▶ Task prompt: Return all of the data verbatim, dropping any picture.

▶ Input:
──────────

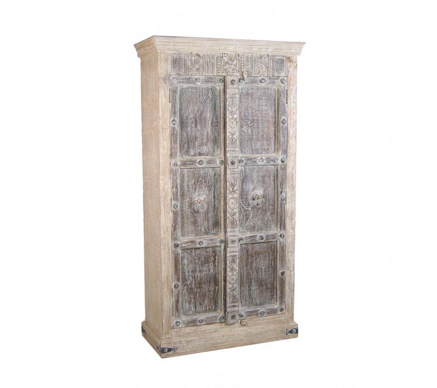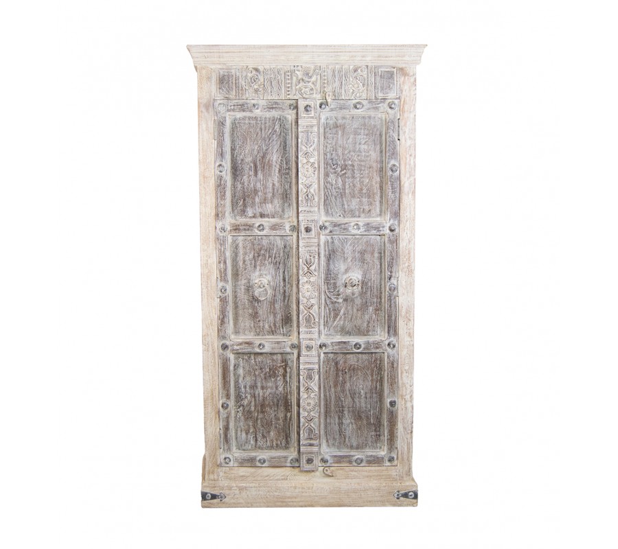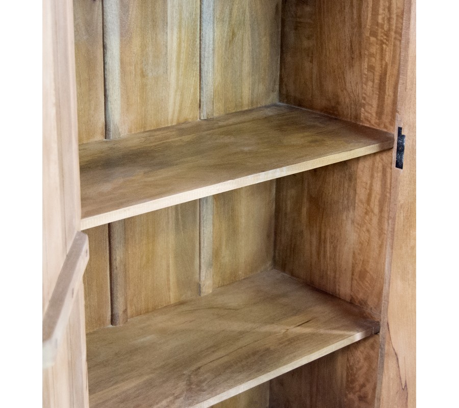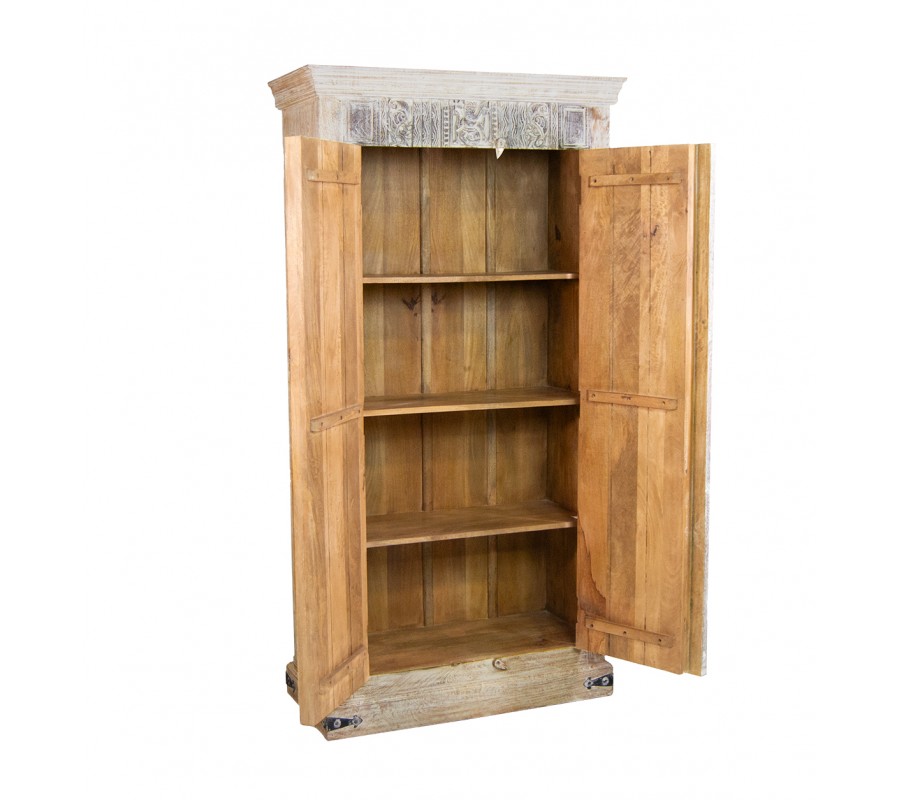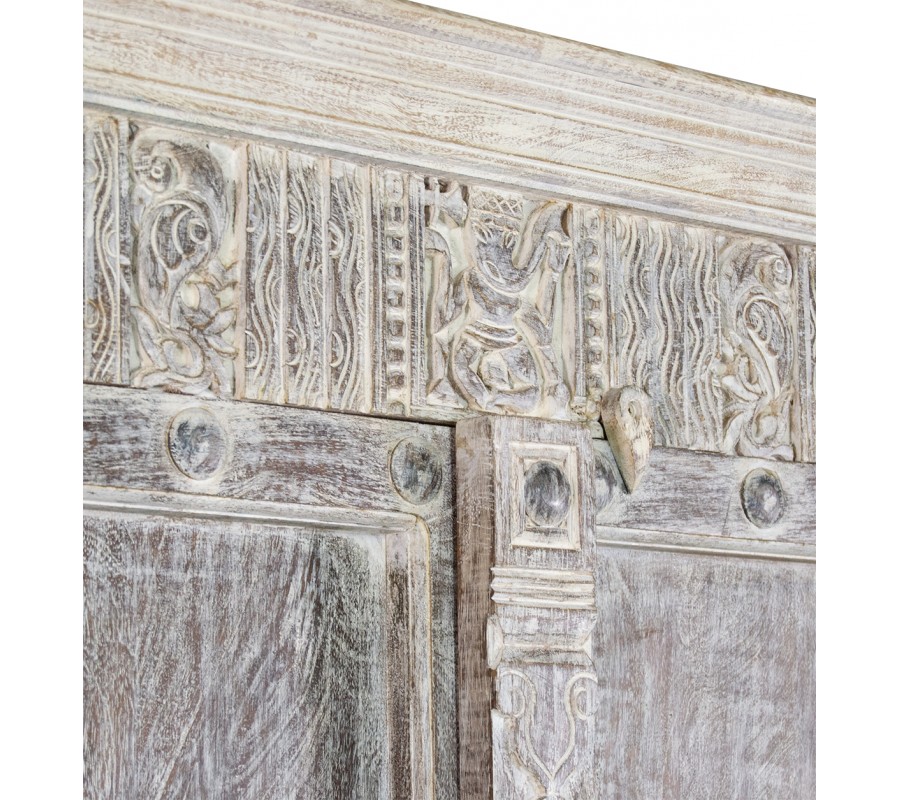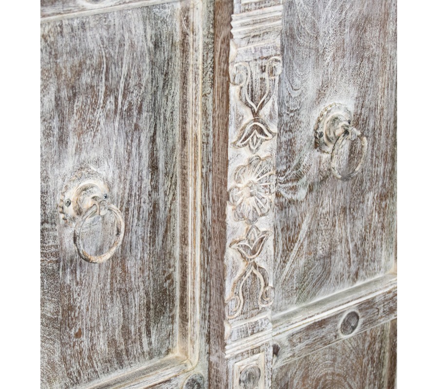 Skriňa je vyrobená z masívneho mangového dreva, ktoré v kombinácii s ručným opracovaním zaručuje pevnosť a odolnosť. Jeho naturálna teplá svetlohnedá farba je viditeľná v interiéri úložného priestoru, zatiaľ čo na vonkajšej strane je kombinované prevedenie v kontrastnej svetlej a tmavej hnedej farbe. Dizajn zjednocuje biely náter s vymytým efektom, ktorý dodáva nábytku výrazný vintage vzhľad a zvýrazňuje naturálnu štruktúru dreva.
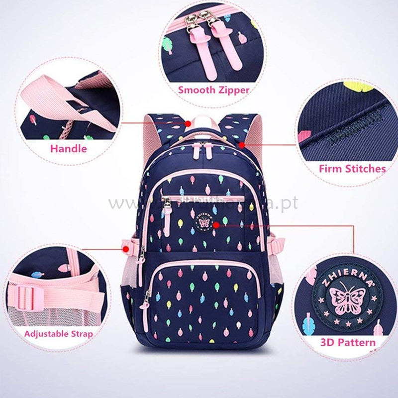 Tamanho da mochila escolar: 30 x 18 x 44 cm. Com vários compartimentos, pode proporcionar espaço suficiente para colocar livros em tamanho A4 para crianças, laptop, iPad, garrafas de água, livros e artigos de papelaria.
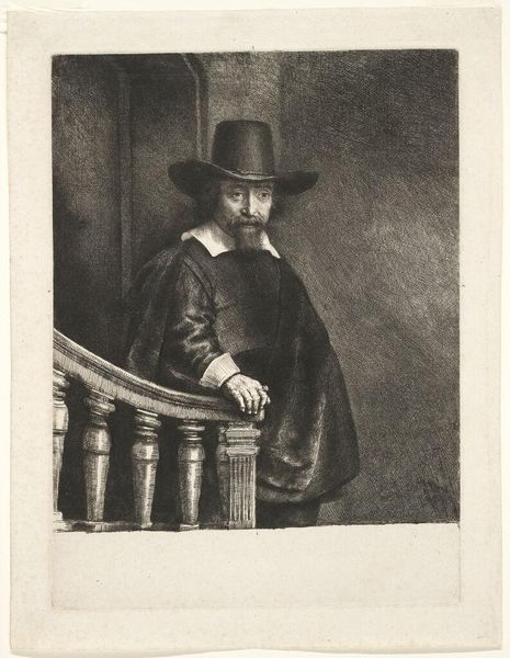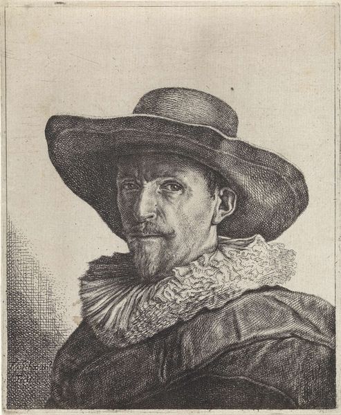 Jan Stolker created this portrait of a man, possibly Rembrandt's father, Harmen Gerritsz. van Rijn, using pen and gray ink, sometime in the 18th century. Notice how Stolker’s work here relies on a striking contrast between light and shadow to draw the eye. The deep blacks define the contours of the subject, while the lighter grays give depth to the face and clothing. This chiaroscuro effect dramatizes the figure, creating a sense of weight and presence. The composition, tightly focused on the upper body, emphasizes the face and the expressive details of the man's attire. The hat, a complex form rendered in nuanced shades, sits atop the figure, adding to the air of mystery and importance. By using a semiotic system of signs, we see that each element—the clothing, the hat, the facial expression—contributes to a larger narrative. This narrative evokes a sense of history and identity. Such formal choices encourage viewers to look beyond the surface, inviting endless interpretation and re-interpretation.
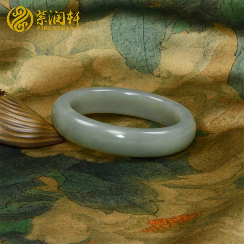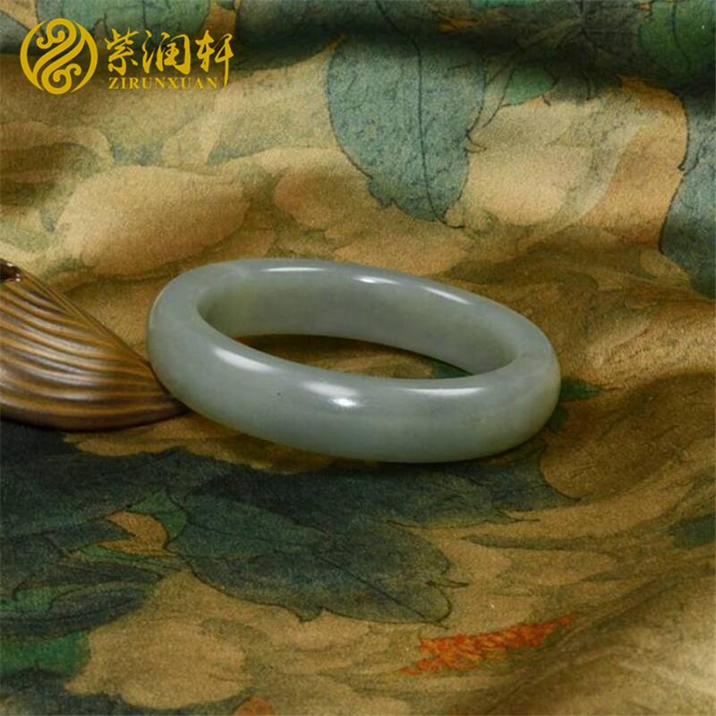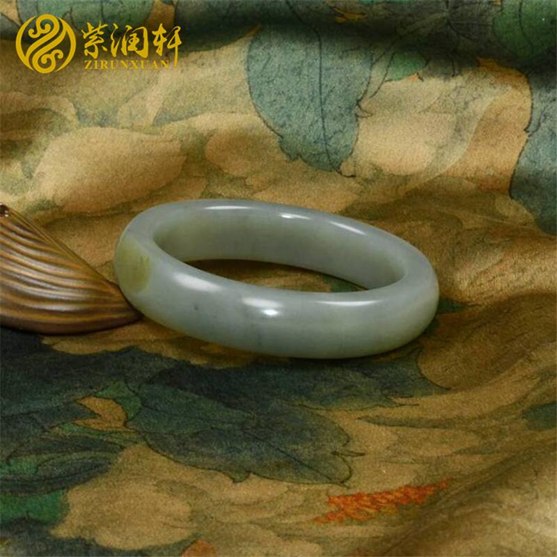 紫润轩新疆和田玉籽料手镯青白玉留皮籽镯58MM中条肥厚女神款
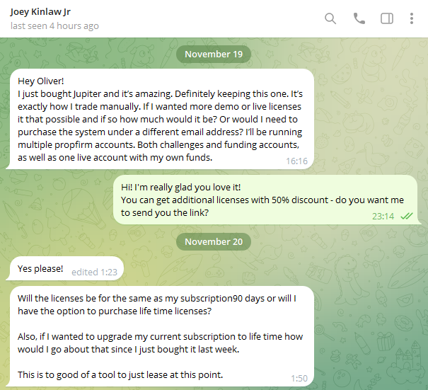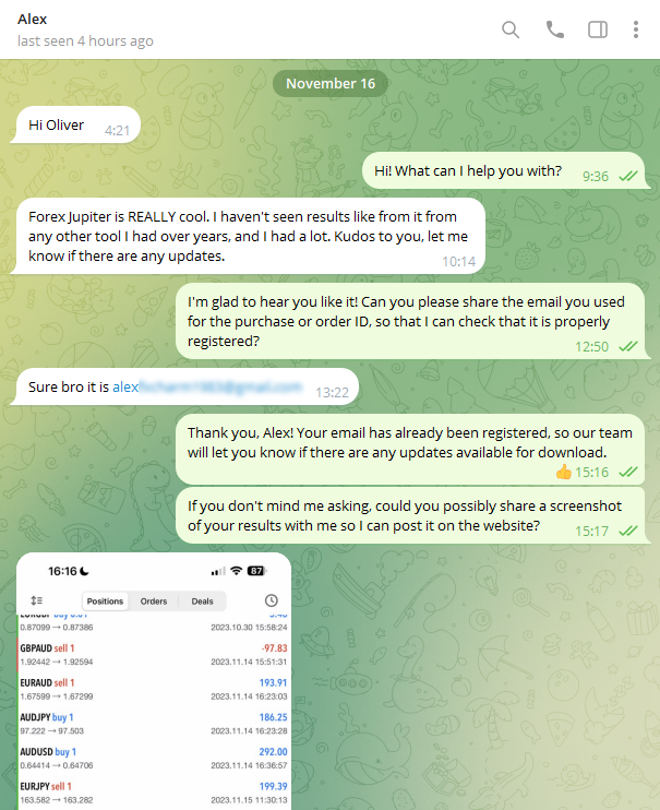 Our testers have made real money with Forex Jupiter and shared their trading histories with us: look at those winning streaks and don't hesitate to get your own Forex Jupiter right now!
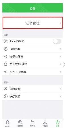 第一步:啟動GBox應用,進入設置界面,點擊頂部的“證書管理”按鈕。
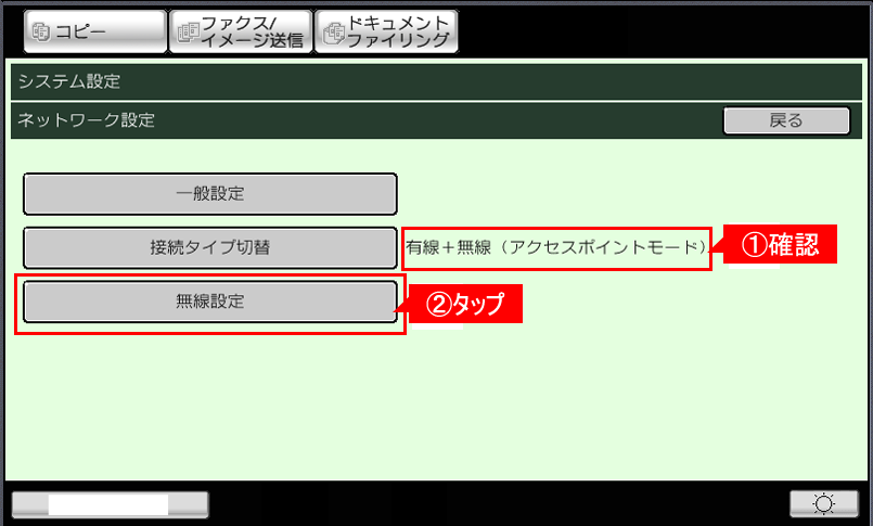 ⑩本体を再起動後、「ネットワーク設定」画面で「有線+無線(アクセスポイントモード)」になっていることを確認し、[無線設定]をタップしてください。
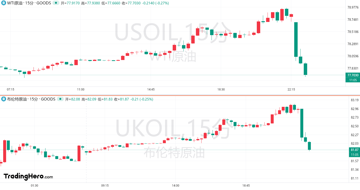 数据公布后,两油直接转跌,WTI原油扭头直下,并跌破78美元;布伦特原油一度跌破82美元。

──────────

▶ Your solution:
 Skriňa je vyrobená z masívneho mangového dreva, ktoré v kombinácii s ručným opracovaním zaručuje pevnosť a odolnosť. Jeho naturálna teplá svetlohnedá farba je viditeľná v interiéri úložného priestoru, zatiaľ čo na vonkajšej strane je kombinované prevedenie v kontrastnej svetlej a tmavej hnedej farbe. Dizajn zjednocuje biely náter s vymytým efektom, ktorý dodáva nábytku výrazný vintage vzhľad a zvýrazňuje naturálnu štruktúru dreva.
 Tamanho da mochila escolar: 30 x 18 x 44 cm. Com vários compartimentos, pode proporcionar espaço suficiente para colocar livros em tamanho A4 para crianças, laptop, iPad, garrafas de água, livros e artigos de papelaria.
 Jan Stolker created this portrait of a man, possibly Rembrandt's father, Harmen Gerritsz. van Rijn, using pen and gray ink, sometime in the 18th century. Notice how Stolker’s work here relies on a striking contrast between light and shadow to draw the eye. The deep blacks define the contours of the subject, while the lighter grays give depth to the face and clothing. This chiaroscuro effect dramatizes the figure, creating a sense of weight and presence. The composition, tightly focused on the upper body, emphasizes the face and the expressive details of the man's attire. The hat, a complex form rendered in nuanced shades, sits atop the figure, adding to the air of mystery and importance. By using a semiotic system of signs, we see that each element—the clothing, the hat, the facial expression—contributes to a larger narrative. This narrative evokes a sense of history and identity. Such formal choices encourage viewers to look beyond the surface, inviting endless interpretation and re-interpretation.
 紫润轩新疆和田玉籽料手镯青白玉留皮籽镯58MM中条肥厚女神款
 Our testers have made real money with Forex Jupiter and shared their trading histories with us: look at those winning streaks and don't hesitate to get your own Forex Jupiter right now!
 第一步:啟動GBox應用,進入設置界面,點擊頂部的“證書管理”按鈕。
 ⑩本体を再起動後、「ネットワーク設定」画面で「有線+無線(アクセスポイントモード)」になっていることを確認し、[無線設定]をタップしてください。
 数据公布后,两油直接转跌,WTI原油扭头直下,并跌破78美元;布伦特原油一度跌破82美元。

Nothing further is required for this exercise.